7) Integration with Discuss, Facebook, Twitter, OpenID, captcha, etc.
There are a lot of people out there using Python and Django, and I haven't had any problem finding libraries. In my experience there is a bit less support for something than PHP, but what is there is often higher quality.
8) E-commerce, SSL
I haven't tried payment integration, so I can't say. Not sure about the other sites, but the Paypal Sandbox is run by Paypal, isn't it? I don't think it's related to what you're using on the server, so sure, you can access it like normal.

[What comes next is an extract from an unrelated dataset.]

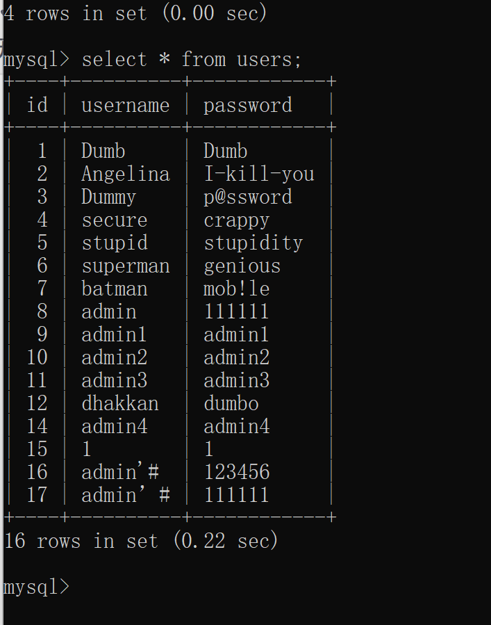 堆叠注入在用户表中插入数据,用户密码自定义可以无需解密实施登录

9) Is it worth it? Is it worth moving to Django from an XAMPP background? Will it really make things faster, or is that just marketing hype?
I moved to Django because Python is truly a more compelling language than PHP. Will it make things faster? I'm not sure what the advantages in that respect would be for Django vs.the PHP MVC frameworks. There are no magic bullets.
You do have to keep in mind that you're not just learning a new framework, but also a new language. There will be a bit of a learning curve if you've never used Python before. but I've found both Python and Django to be fairly easy to learn. The clean design of the language is fantastic and Django is veryt well designed, too. I do feel that it's boosting my productivity. I've found snippets for or articles about most everything I need to do in Django as I've been learning, so adapting has been pretty simple.